За несколько дней до начала процесса состоялось первое “организационное заседание” Союзного бюро в кабинете старшего следователя Д. М. Дмитриева и под его председательством. В этом заседании кроме 14 обвиняемых приняли участие Апресян, Наседкин и Радищев. На заседании обвиняемые познакомились друг с другом, и согласовывалось – репетировалось – их поведение на суде. На первом заседании эта работа не была закончена, и оно было повторено.
Я был в смятении. Как вести себя на суде? Отрицать данные на следствии показания? Попытаться сорвать процесс? Устроить мировой скандал? Кому он пойдет на пользу? Разве это не будет ударом в спину Советской власти? Коммунистической партии? Я не вступил в нее, уйдя от меньшевиков в 1920 году, но ведь я политически и морально был с нею и остаюсь с нею. Какие бы преступления ни совершал аппарат ОГПУ, я не должен изменять партии и государству. Не скрою, я думал и о другом.

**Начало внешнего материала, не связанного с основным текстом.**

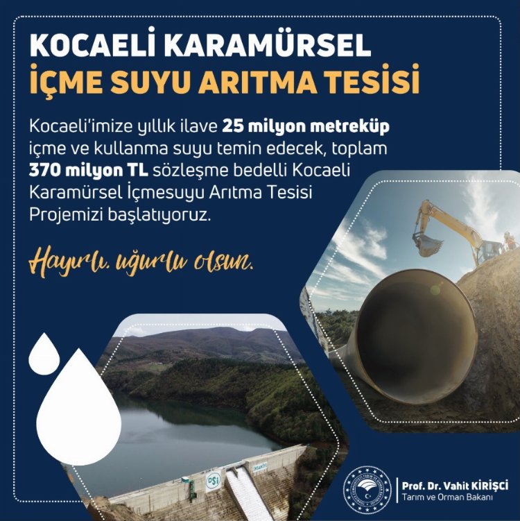 2025 Yılı içerisinde devreye alınması planlanan Karamürsel ve Gölcük ilçelerinin su ihtiyacını karşılayacak olan Karamürsel İhsaniye Barajı’nın İçme Suyu Arıtma Tesisinin de çalışmaları başlıyor. Tarım ve Orman Bakanı Vahit Kirişçi Twitter hesabından yaptığı açıklamada İhsaniye Barajı’nın İçme Suyu Arıtma Tesisi çalışmalarına 370 milyon TL sözleşme bedelli proje ile başlayacaklarını müjdeledi.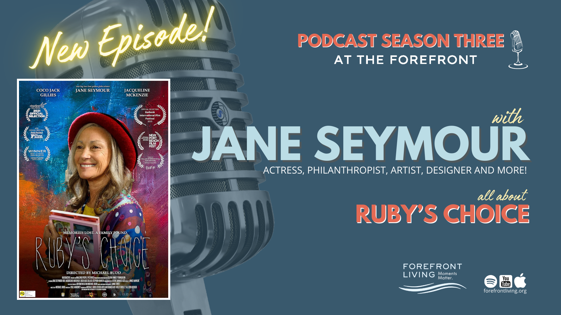 In this very special episode, host Tim Mallad interviews renowned actress Jane Seymour, star of the film Ruby’s Choice. The movie tells the touching story about a family’s journey with dementia, offering both hope and inspiration for living life fully. Tim and Jane explore the film’s creation, discuss the challenges of filming during the pandemic and delve into how the movie educates viewers about the realities of dementia and Alzheimer’s disease. Additionally, they explore the benefits of choosing a senior living community that specializes in memory care for those facing these challenges, highlighting how these specialized environments and professional support can greatly enhance the quality of life for individuals with dementia and their loved ones. Tune in to this insightful episode to gain valuable knowledge about supporting those living with memory care issues. Learn more about Ruby’s Choice here: https://dementiafoundation.org.au/rubys-choice/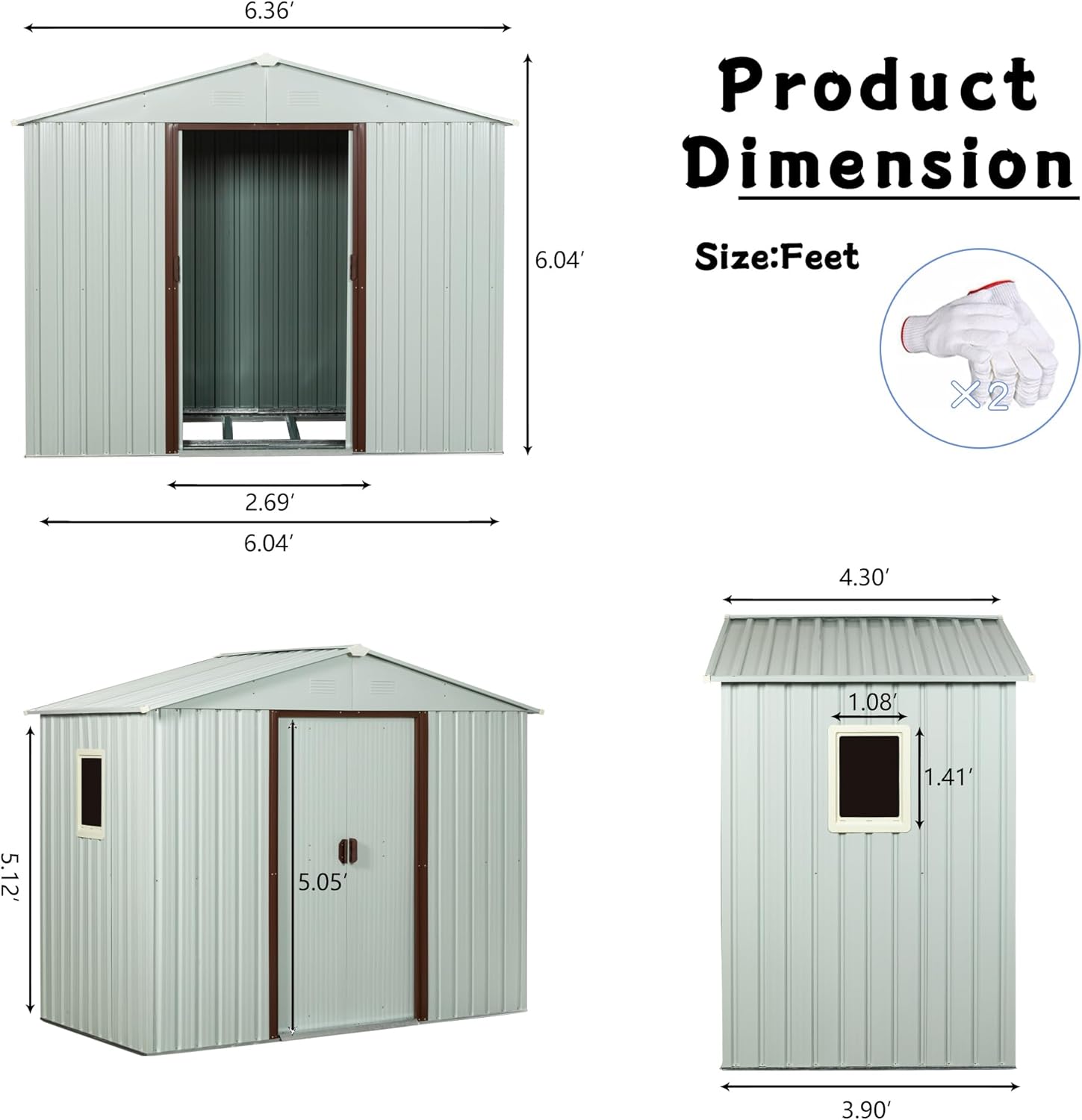 - ๐ก๐๐ฅ๐ฅ-๐ฐ๐๐๐ญ๐ก๐๐ซ ๐๐ญ๐จ๐ซ๐๐ ๐ ๐๐ก๐๐: Our metal shed 6x5 features smooth sliding doors with handles and a heavy-duty lock for enhanced security. This practical storage building is perfect for storing gardening tools or serving as a warm pet house. The sloped roof effectively prevents leaks and snow buildup, while the transparent side window provides soft natural light. Four integrated punched vents improve airflow, keeping items dry and well-preserved in any weather conditions.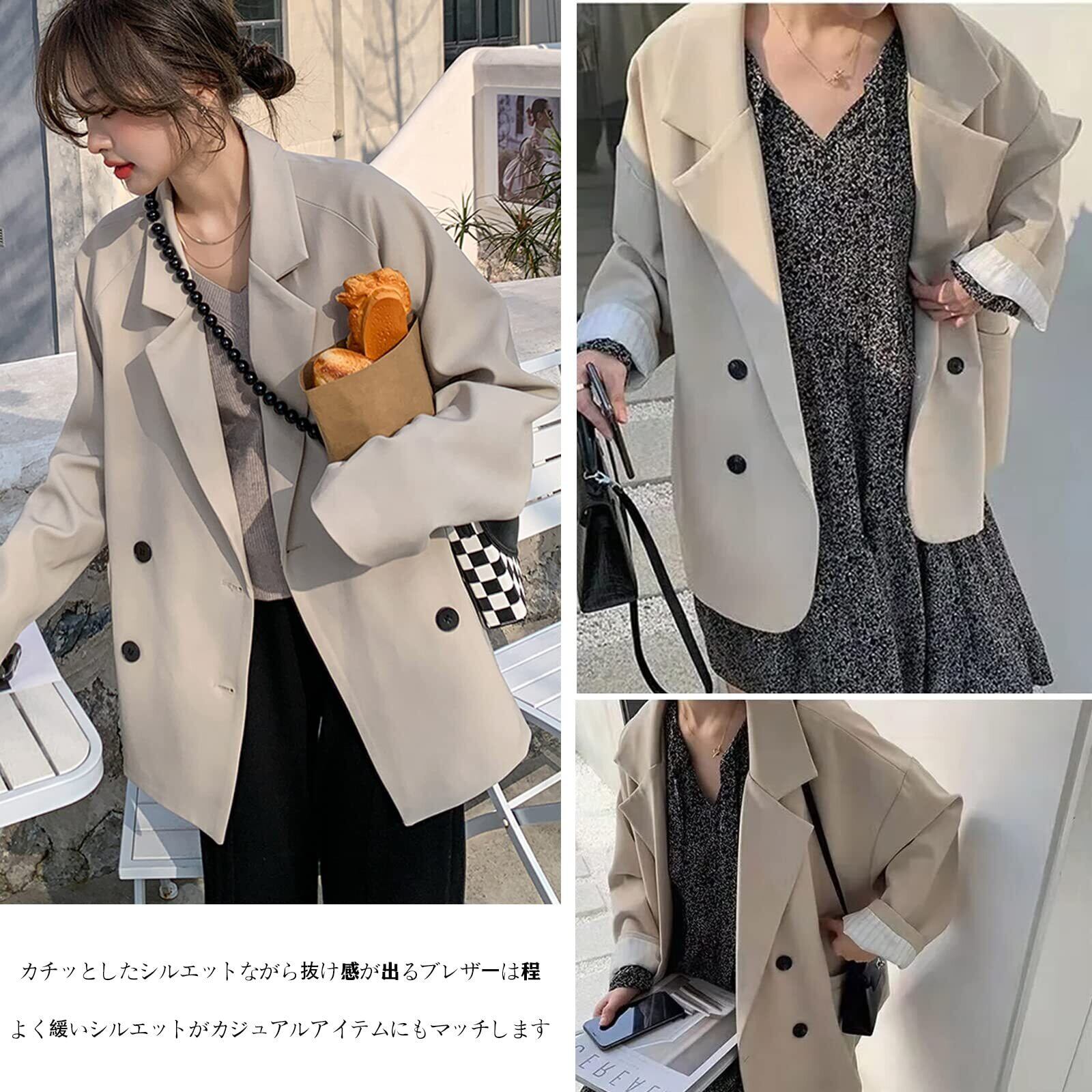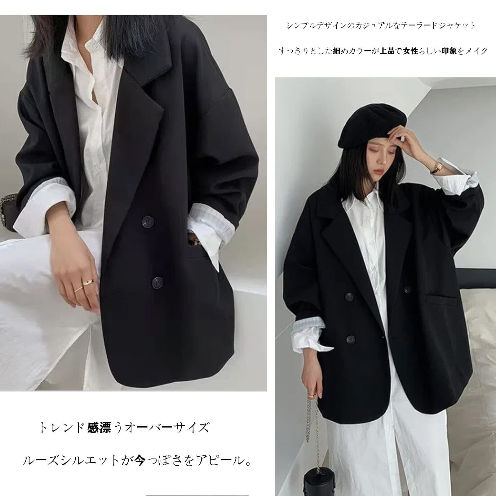 【ゆったりとしたシルエットテーラージャケットのサイズ】M:着丈72cm バスト:116cm 肩幅:51cm 袖丈:50cm L: 着丈73cm バスト:120cm 肩幅:52cm 袖丈:51cm XL:着丈74cm バスト:124cm 肩幅:53cm 袖丈:52cm。計測に付きましては手測りとなりますので 若干の誤差はご了承ください 。シンプルデザインのカジュアルなテーラードジャケット、すっきりとした細めカラーが上品で女性らしい印象をメイク。

Если я откажусь от ранее данных показаний на процессе, что со мной сделают палачи-следователи? Страшно об этом и подумать. Если бы только смерть. Я хочу смерти. Я искал ее и пытался умереть. Но ведь они умереть не дадут – они будут медленно пытать, пытать бесконечно долго. Не будут давать спать до тех пор, пока не наступит смерть. А когда она наступит от бессонницы? Раньше, вероятно, придет безумие. Как на это решиться? Во имя чего? Если бы я был врагом Коммунистической партии и Советского государства, я нашел, может быть, нравственную опору своему мужеству в ненависти к ним. Но ведь я не враг. Что же может побудить меня на такое отчаянное поведение на суде?
С такими мыслями и в таком душевном состоянии меня вызвали из камеры и привели в кабинет, где сидел Н. В. Крыленко, назначенный государственным обвинителем на наш процесс. Я знал Крыленко давно – еще с дореволюционных времен. Знал близко. В 1920 г., когда я был смоленским губпродкомиссаром, он приезжал в Смоленск в качестве уполномоченного ЦК партии по наблюдению и руководству заготовкой хлеба. Некоторое время он жил в моей квартире. Мы спали в одной комнате…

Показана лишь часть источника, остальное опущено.